Category Archives: devops

Scale, Software and Throughput

Software is eating the world” (ala Mark Andreesen) and becoming increasingly pervasive: phones, app’s, TVs, routers, fridges (why? no idea), drones, SCADA systems, industrial controls, cars, etc. etc., the boundary of things connected to the internet fabric, opens up new types of services but also massive new types of vulnerabilities. The Internet of Things (IoT) is creating a world of always connected, changing and updating devices.

Scale also refers to the flood of changes that occur in software on a daily basis either due to new features or reactions to needed and required fixes.

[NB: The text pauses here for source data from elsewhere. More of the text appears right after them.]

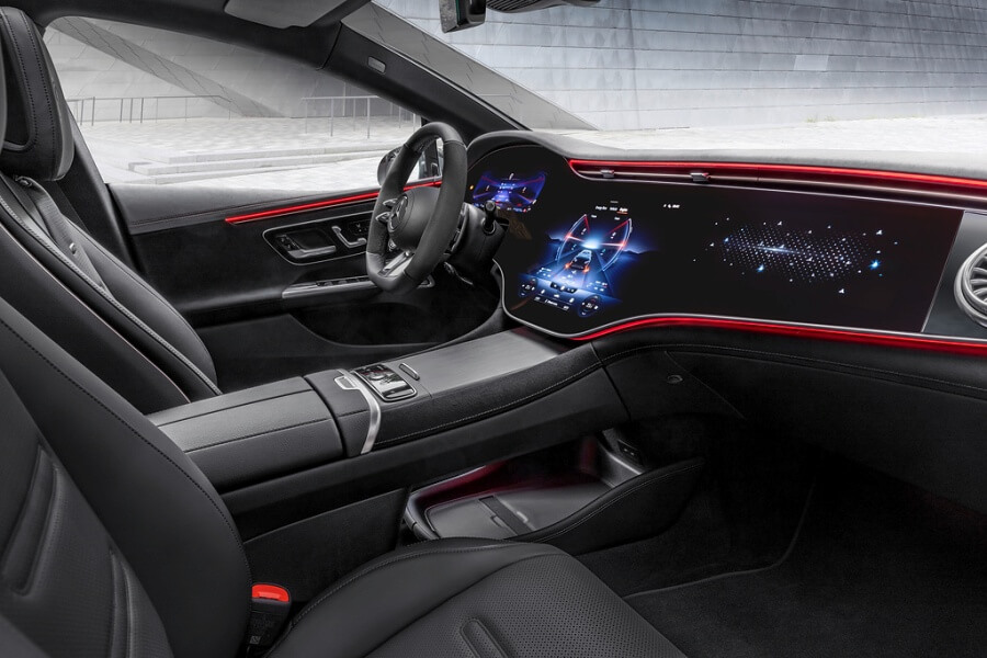 Opcjonalny MBUX Hyperscreen sprawia, że cały zestaw wskaźników jest jednym wielkim ekranem – i decyduje o estetyce całego kokpitu oraz wnętrza. Wyświetlacze o wysokiej rozdzielczości wydają się płynnie łączyć pod wspólną szklaną osłoną.
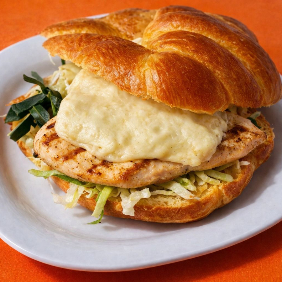 Cuernito de pechuga asada. tapa inferior mayonesa, tapa superior dip de chipotle. Acompañado con jamón, lechuga, jitomate, chile jalapeño, queso oaxaca y aguacate.
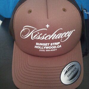 Designer Streetwear Brand KissChacey Brown Trucker Hat. Sunset Strip, Hollywood, CA Address Logo. Similar to Supreme style caps. Five Panel Foam Front Mid Crown. Message with questions and check other listings for combo deals.
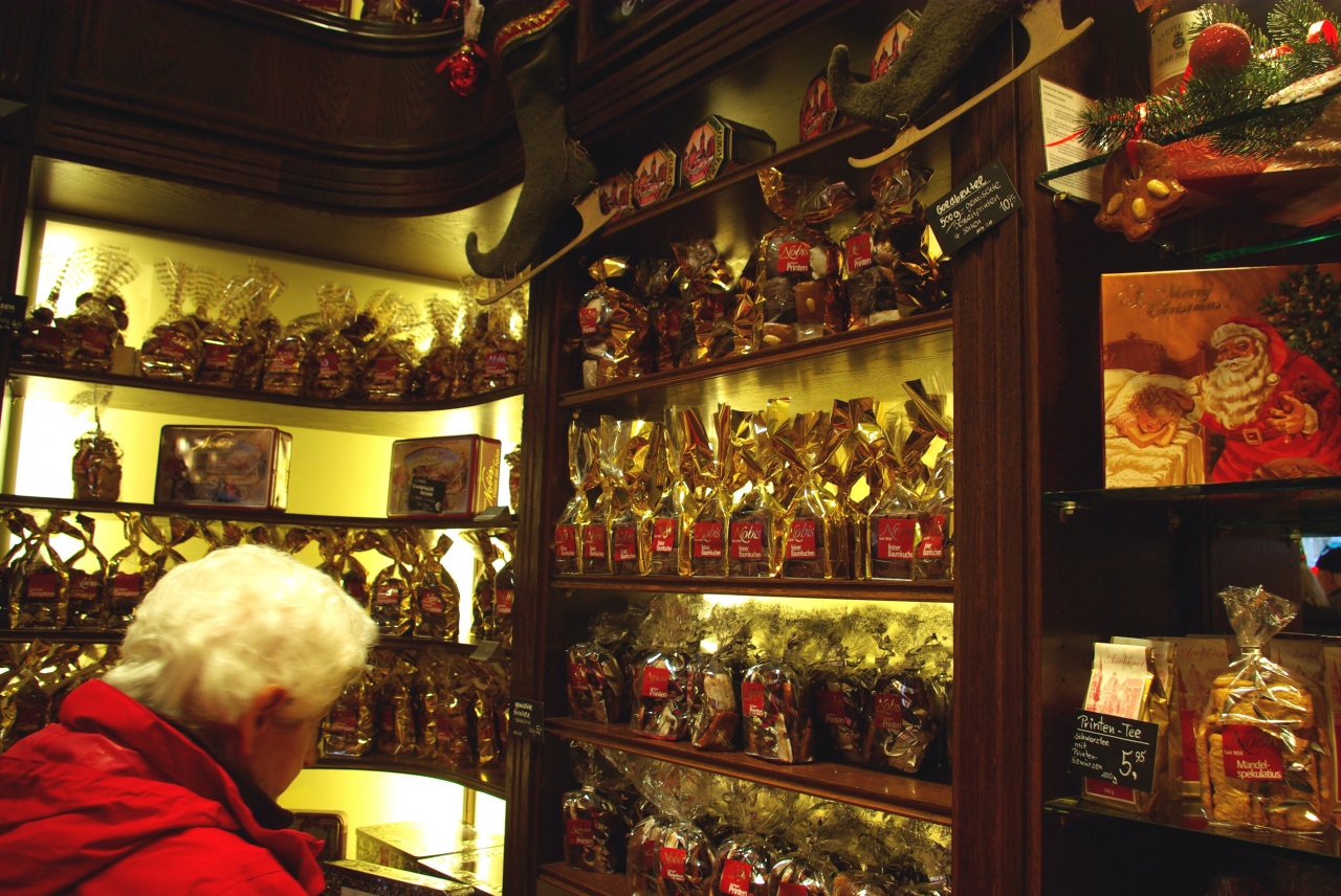アーヘン大聖堂のすぐ前にあり、角地なのですぐにわかります。ディスプレーに居並ぶお菓子の数々を見るだけで、ウキウキした気分になれます。焼き菓子中心のお菓子全般が売られていて、クリスマスならシュトーレンをどうぞ。カウンターの上に並べて待っています。隣のパン部門と店内で繋がっていて、イートインにもなっているので、そちらも大混雑。並んでいても、テキパキとさばいてくれるので、安心して買うことが出来ます。
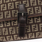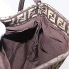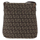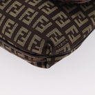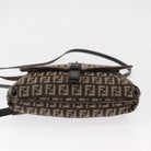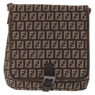 FENDI Zucchino Canvas Shoulder Bag Brown Silver Auth 154749
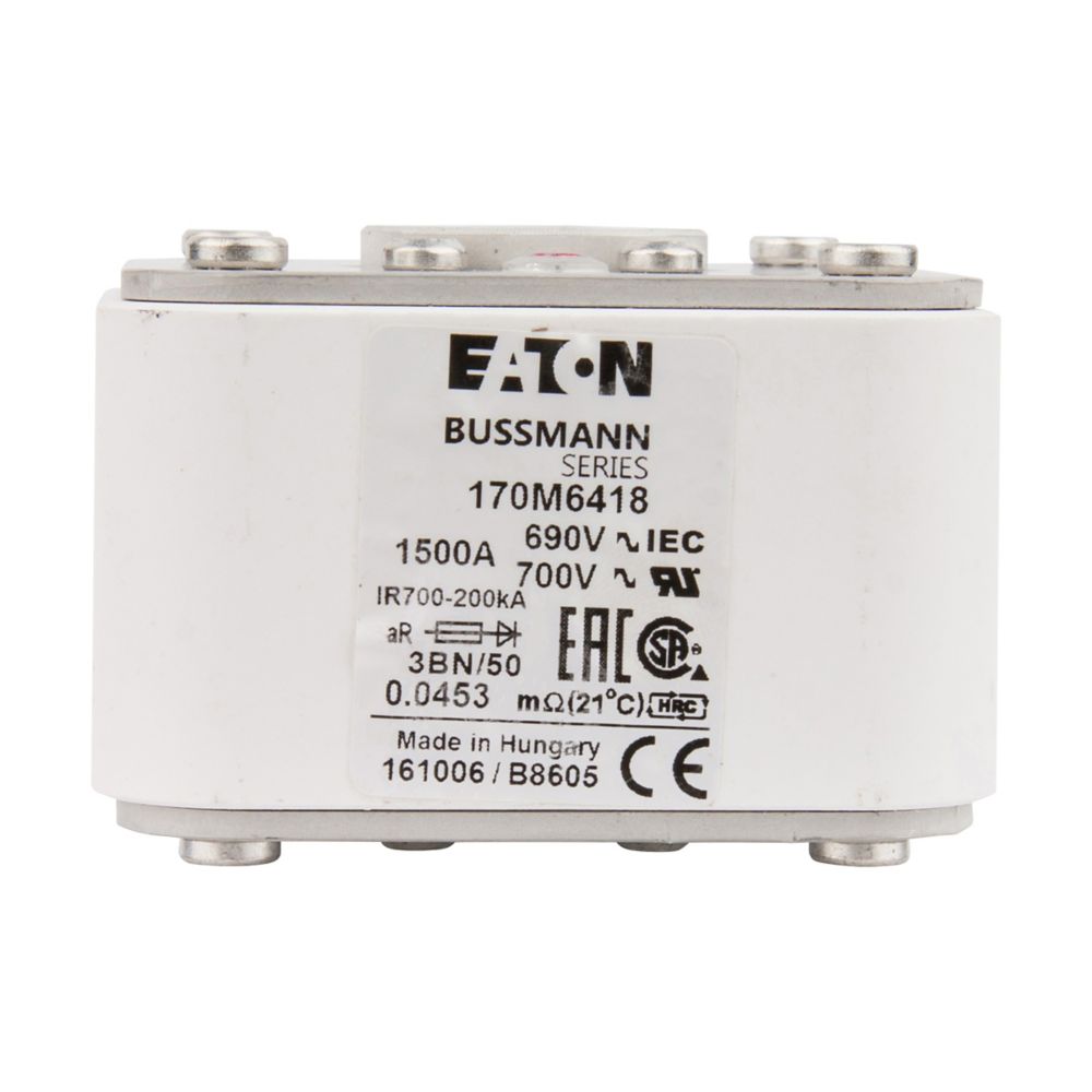170M6418 Wkładka szybka, 1500 A, AC 690 V, rozmiar 3, aR, IEC, UL, pojedynczy wskaźnik
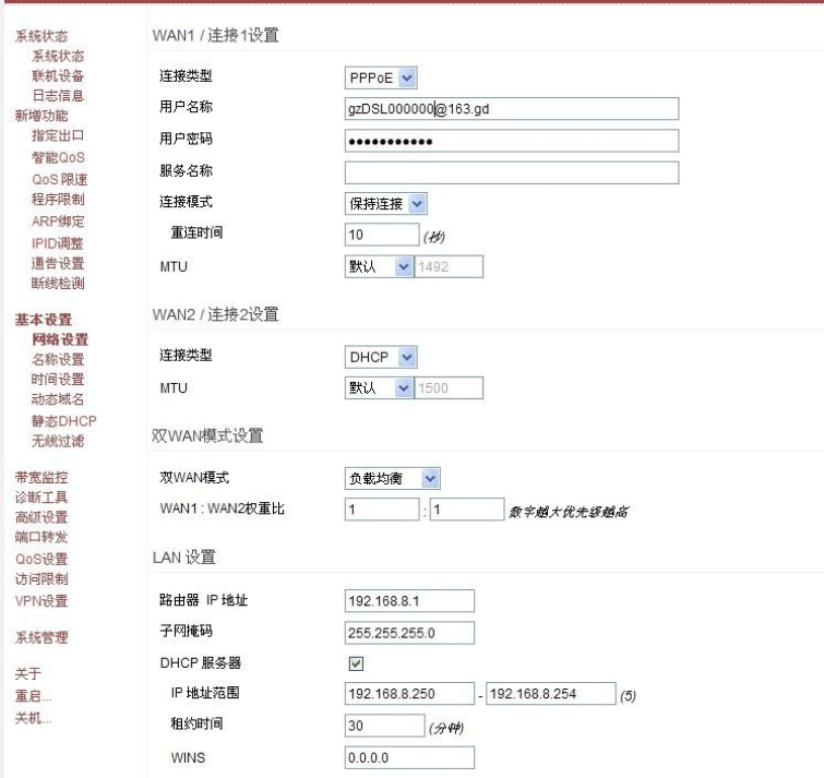 基本設(shè)置-->網(wǎng)絡(luò)設(shè)置這里是最基本的設(shè)置, 這里沒有設(shè)置好就不能上網(wǎng)了WAN1/連接1設(shè)置,WAN2/連接2設(shè)置:沒什么好說的, 對(duì)應(yīng)你的上網(wǎng)方式設(shè)置好就可以 雙WAN 模式設(shè)置:提供負(fù)載均衡, 智能
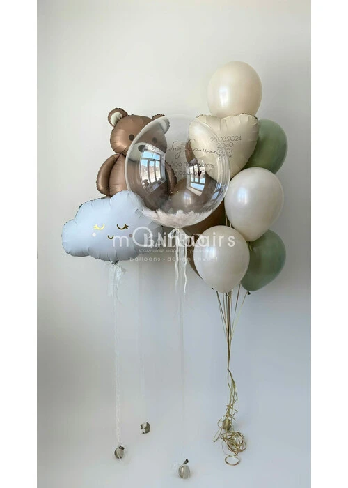 Набор гелиевых шаров на выписку с мишкой и облаком №3208
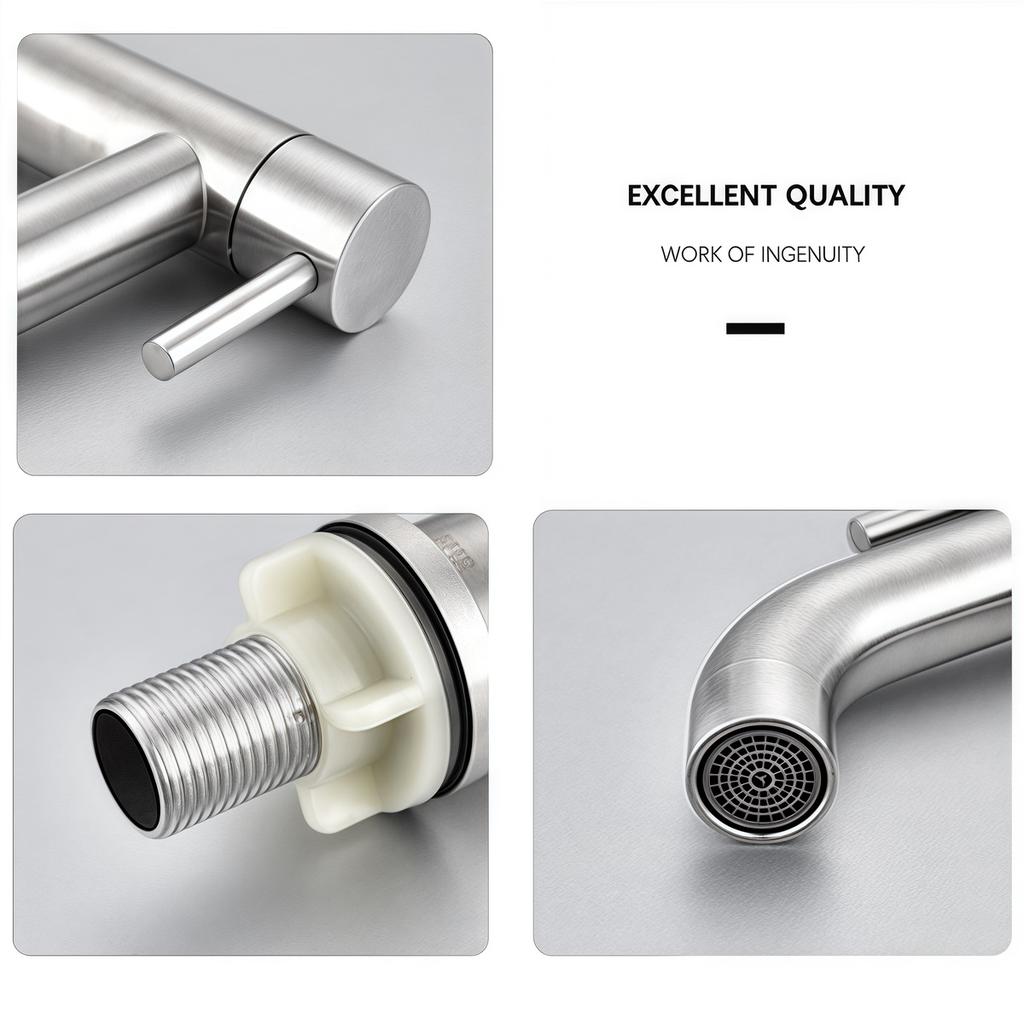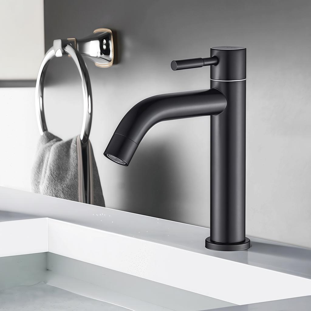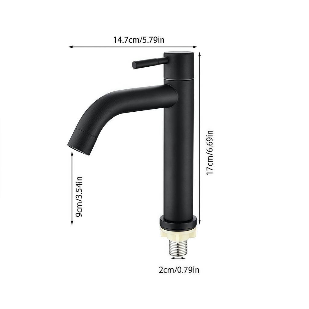 Кран для холодной воды из нержавеющей стали 304, черный/серебристый цвет, монтируемый на столешницу, удлиненный и высокий, для раковины, кухни, ванной комнаты
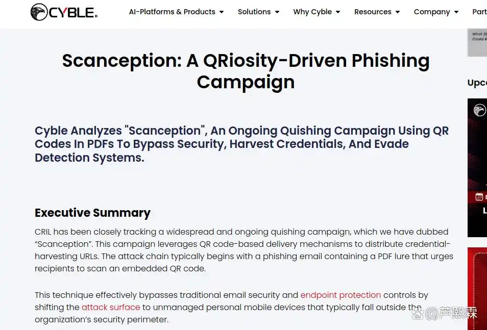 二维码作为一种快速编码与解码信息的图形符号,自2000年代中期以来在全球范围内迅速普及。其无需手动输入URL的特性极大提升了用户体验,但也为网络攻击者提供了绕过传统文本内容检测的新路径。2025年7月,网络安全公司Cyble披露了一项名为“Scanception”的持续性钓鱼活动,该活动以企业员工为主要目标,通过伪装成人力资源手册、财务通知等合法PDF文档,在末页嵌入诱导性二维码,引导用户使用个人移动设备扫描,进而跳转至伪造的Office 365登录页面。据报告,该活动在三个月内生成超过600个独特PDF样本,其中近80%在VirusTotal上无任何引擎告警,凸显其高度规避性。
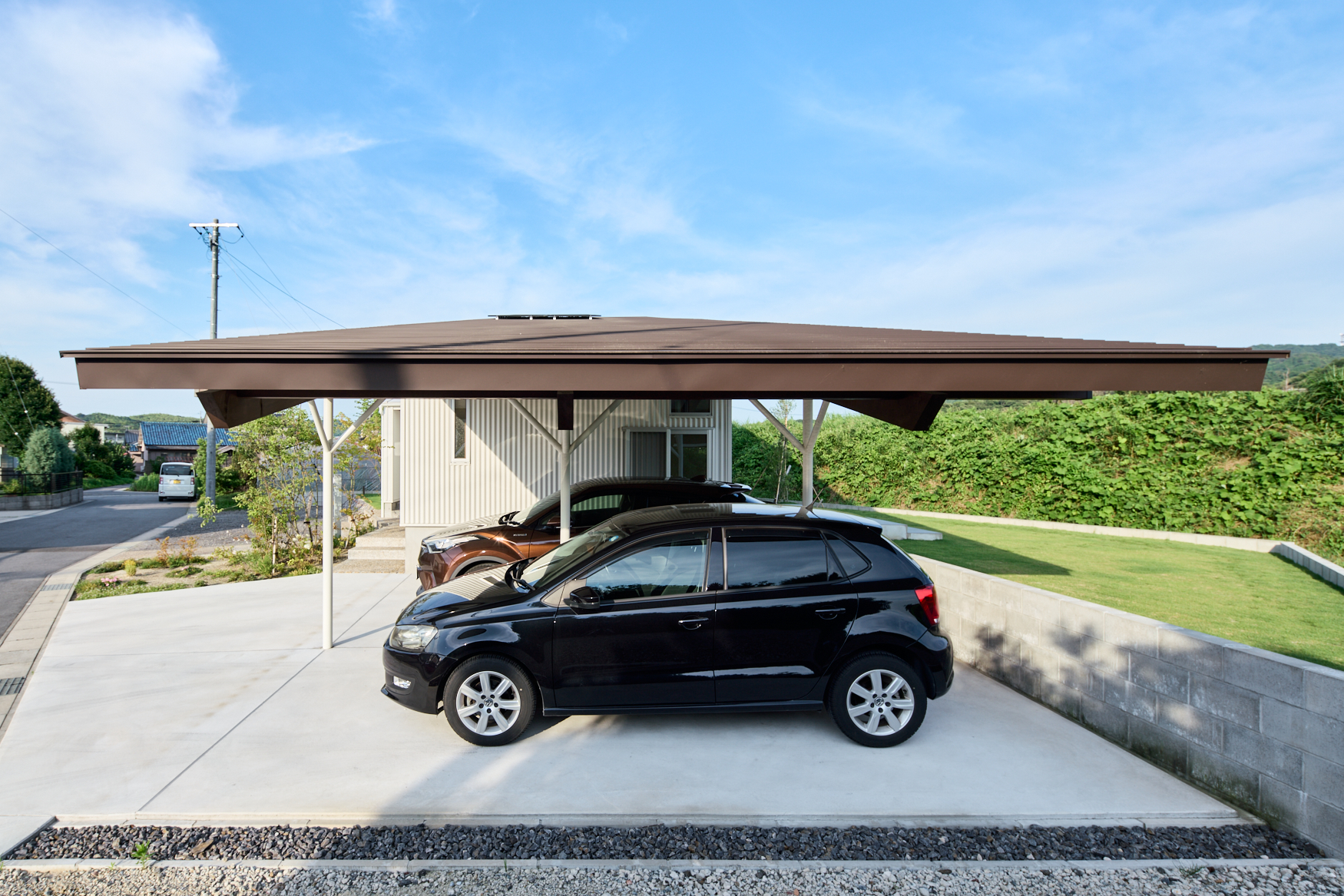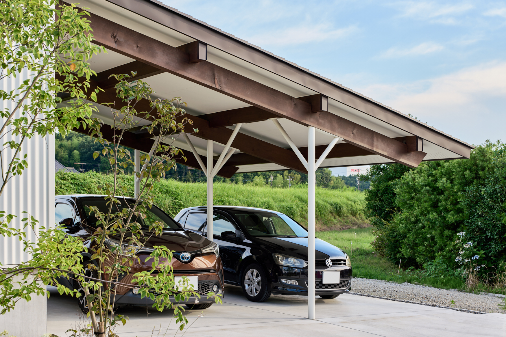 片流れ屋根のもっとも低い部分。屋根付き駐車場や作業などのフリースペースとして使われている。車を2台停められる、広大なエリアだ。長い張り出しなので、鉄製の支柱で強度を確保した

Keep in mind that software is a collection of building blocks, dependencies within dependencies.

Software has become a deep, wide and fast moving river of change.

Henry Ford and the the manufacturing industry figured out how to deal with scale: simplify, automate and control to optimize throughput. The first thing Ford and Company did was simplify how a car could be built, this required reengineering of parts, but more often than not it required simplifying how the person interacted with the car build process, breaking down tasks into small units, simplifying movements, getting atomic. This created the modern moving assembly line with manned unskilled labor. The skilled labor moved up the design stack and became the engineers who designed the car AND the mechanics of the tooling, build systems and delivery processes. In effect the skilled labor was able to scale their efforts through simplified processes and optimize simply and build chains.

DevOps culture and techniques are pushing this mentality into software creation and delivery: the developer is the designer, after that administrators and operations requires as much automation as possible to deploy change, scale and manage issues as quickly as possible.

Oftentimes we come across great point solutions (or products) to help with software development and delivery, but they don’t address the needs of an end-to-end enterprise supply chain.

JIT

An older book that does a great job of describing the accelerating change occurring in the software development and operations industry is The Goal (http://www.amazon.com/The-Goal-Process-Ongoing-Improvement/dp/0884270610). It’s focus was on the revolution of merging just-in-time (JIT) delivery/logistics of material with updated manufacturing and information technology systems to simplify and lower the costs associated with create/build/delivery of physical goods. It is a must read for anyone currently in the software delivery game who is seeking to optimize, manage and understand software supply chains, i.e., moving from install DVDs to always on software stream.

Software is being forced into this model to handle the scale required by validation and verification, security and vulnerability analysis, and target platform support (mobile, desktop, cloud and all of the OS variants).

Speed Matching Evolution

There are many gaps to be filled in the cybersecurity world. AirGap is focused on providing solutions to problems in the combined realms of cybersecurity and software supply chain.

When it comes to security and software we see three problems:

  • Speed: of software development and change
  • Scale: volume of software (its everywhere and eating more of the world)
  • Supply chain and up-stream dependencies

Each of these three interrelate and must be solved in concert to enable an enterprise to be secure and up-to-date.

We view ‘speed’ impacting the software supply chain speed along two axis: development and operations. The speed at which software is developed and the speed it expects to be delivered and deployed.

Software now evolves much more rapidly due to number of factors, but chief among them are the development and delivery of changes like bug-fixes and enhancements based on changes in up-stream dependencies. The “don’t reinvent the wheel” mentality of software projects, simply because they can’t afford to do so, scales up the volume of software. As software is released in both realtime (as changes happen) and on rapid schedules down-stream projects want to consume the fixes and new features as quickly as possible.

Speed of Development: As mentioned above, the pace of software development is increasing. Agile practices, open source software frameworks and libraries, dynamic languages and improvements in tooling and delivery are combining to improve the effectiveness and efficiency of developers. New software and updates to existing software are being released readily to various open channels.

Speed of Operations: Movements such as DevOps, Continuous Deployment and Continuous Delivery are simplifying the full scale industrialization of software coding, streamlining pipelines of source to various endpoints. Manufacturing-style automation has finally made its way to software, enabling a few people to run large chunks of engineering infrastructure at a fraction of the cost of five years ago. This automation also means less mistakes and errors via accountability and repeatability. But it does mean that speed must be built into the equation of software operation and maintenance.

Many enterprises haven’t found it possible to keep up with either the speed of software development or the speed of operations so that software can evolve to meet current needs or threats. The path just does does not exist, creating a performance and security situation which can be unmanageable. Worse, as vulnerabilities are identified in operational software, organizations struggle to “roll forward” or patch their environments.

Why? Simply, the frog has been cooked slowly or the enterprise hasn’t built up its organizational IT bureaucracy to match the speed of how software needed to be updated, maybe once a year? In many organizations the dependency on vendors to provide updates creates a lag and an environment ripe for attack. For open source software, most IT infrastructures just aren’t responsive enough to process/validate the flow of changes.